If you have research related to work here at Notre Dame and are able to justify continued access, you may request a faculty member sponsor your account as an external affiliate. These accounts are valid for up to one year, but may be renewed annualy. This process can be initiated by having your sponsor complete an external account request. To avoid losing your CRC account and all associated data, please complete this process prior to your account being disabled.

I am Getting A “Module: Command Not Found” Message When I Log In To My CRC Account

This message generally indicates that you have deleted/corrupted your shell configuration scripts which prevent the Module environment from initializing correctly. To repair your scripts please see the Login Scripts page for instructions.


Remote Access

Why Is My Remote Connection So Slow?

Slow remote GUI response time is actually quite difficult to troubleshoot.

  • First because slow in this regard does not have a fully tangible metric

    • In this case slow means it is impractical for you to work with

  • Secondly because it varies on numerous conditions:

    • OS and Graphics card/drivers on your system

    • Remote visualization client (remote GUI)
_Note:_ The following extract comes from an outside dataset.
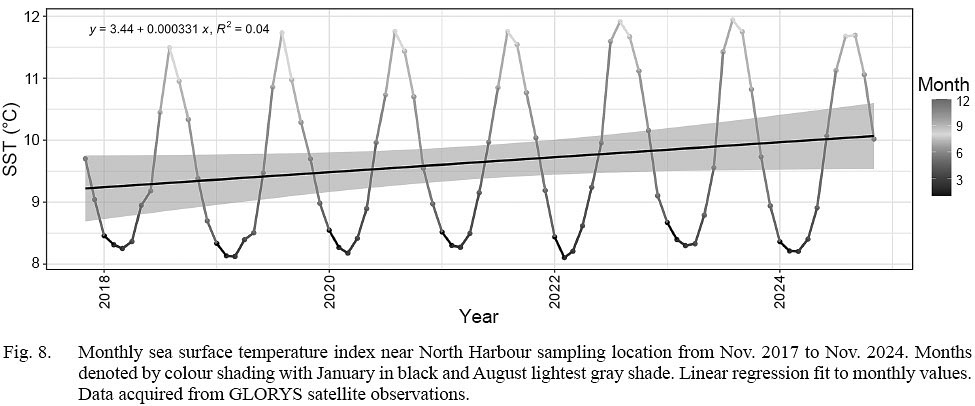 Sea surface temperatures consistently peaked in August and were lowest in March preceding and throughout the study period (Fig. 8). The temperature trend in the linear regression gradually increased at a rate of 0.00033 degrees per month (slope=0.000331) over the study period. The initial Nov. 2017 estimate of 9.75°C was 0.25°C below the terminal Nov. 2024 estimate of 10°C.
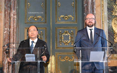 Tối 16/10, tại thủ đô Brussel, trong khuôn khổ chuyến thăm chính thức Vương quốc Bỉ, Thủ tướng Nguyễn Xuân Phúc và Thủ tướng Bỉ Charles Michel có cuộc họp báo chung.

    • Network reliability (on campus wired is usually pretty good)

    • Load (CPU, RAM, Network, Disk I/O) on the machine you are trying to access

For the first two you need laptop/desktop support which is provided by your department/college IT support folks.

For the third you can verify if you are getting at least 100Mbps consistently: ndt speedtest

For the fourth you can monitor the load on CRC machines here: https://mon.crc.nd.edu/xymon

When I try to login I see the error: “Algorithm Negotiation Failed”, what does this mean?
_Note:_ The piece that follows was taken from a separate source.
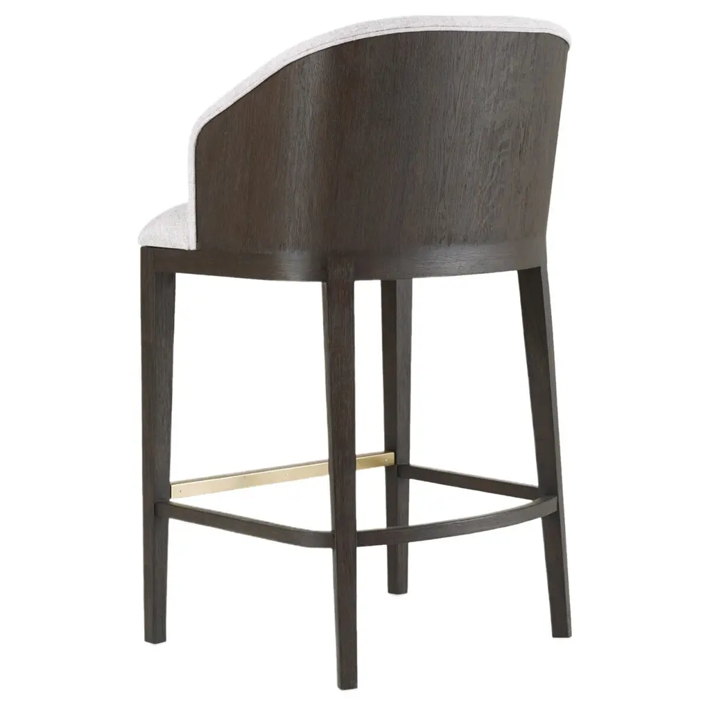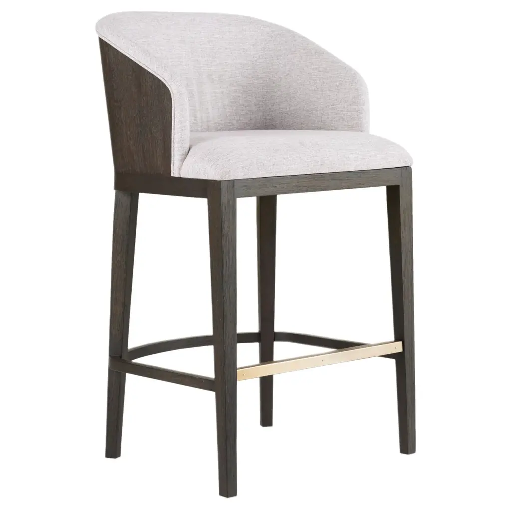 Chic and modern with an eclectic mix of a fabric upholstered seat and inside back, wood on the outside back, and a metal foot rail, the Curata Bar Stool is comfy and inviting. Its design exudes a sophisticated charm, making it a perfect addition to any contemporary space.

The CRC systems only accept connections from an updated form of encryption, therefore if you are using an older ssh client you may see this error.

To solve this issue, first try updating your OS or current ssh client. If you are connecting from Windows, we recommend MobaXterm.

If you are connecting from an older Mac Os system which cannot be updated, you can still connect to CRC systems by first connecting to jumpbox.nd.edu. If you continue to have login issues, contact CRC Support.

When I try to connect CRC through VSCode, why does Remote SSH keep asking for password again and again?

This happens because, after your first ssh (through the plugin within VSCode) it creates a lock file inside the folder ~/.vscode-server/ within your CRC account and that prevents your subsequent ssh. To resolve this, in your ssh extension settings, you would need to check the option for “Lockfiles In Tmp”. You can find this option in the menu-bar following:

Code -> Preferences -> Extensions -> Extension settings - located inside the circular-shaped 'code engine' -> Turn-on the box for "Lockfiles In Tmp"


Training

How Do I Receive Training?

CRC User Support conducts introductory training for new users all year round.

Periodically throughout the year, CRC organizes scheduled training classes (typically at the beginning of Fall and Spring semesters). These classes are announced on the Training Events page.

Outside of the scheduled training classes, training is provided on-demand by CRC User Support staff. Please send an email to crcsupport@nd.edu to arrange a training session.


CRC Software

What Software Is Available At The CRC?

The CRC organizes installed software as modules. More information can be found on the Modules page.

How Do I Request Help Installing Software?

Many software packages can be installed in your local home directory and we’re happy to assist with this process. Please email crcsupport@nd.edu with your request and include any information you have about obtaining the installation package for the software you are interested in.

How Do I Request A Software Module To Be Installed/Updated?

Software that is installed globally through our Modules tool must undergo license review by the Notre Dame legal department. For this reason, all requests to add a new module must come from Notre Dame faculty. Please submit a Software Request Form and review the attached CRC Software Policy. The software policy also contains information on licensing and cost sharing with CRC.

Note

This process can take up to 7 business days from receipt of the software request. If you require an expedited service, please make that apparent on your request form.

Notes on sudo/root access

Many websites will give instructions for installing software that uses a command called sudo. This command gives the user full adminstrator privileges and along with it the ability to make system wide changes, including altering other user’s files. On a personal computer this is rarely a problem, but our systems are shared among more than 2000 students and staff. Attempting to run the sudo command will result in a message be sent to CRC staff so that we might help you find an alternate solution.


AFS Storage

How Do I Check My Available AFS Storage?

You can check your AFS disk usage with the ‘’quota’’ command e.g.

quota

How Do I Request More AFS Storage Space?

Please consult the CRC Storage policy for rules and limitations for user/group storage quotas.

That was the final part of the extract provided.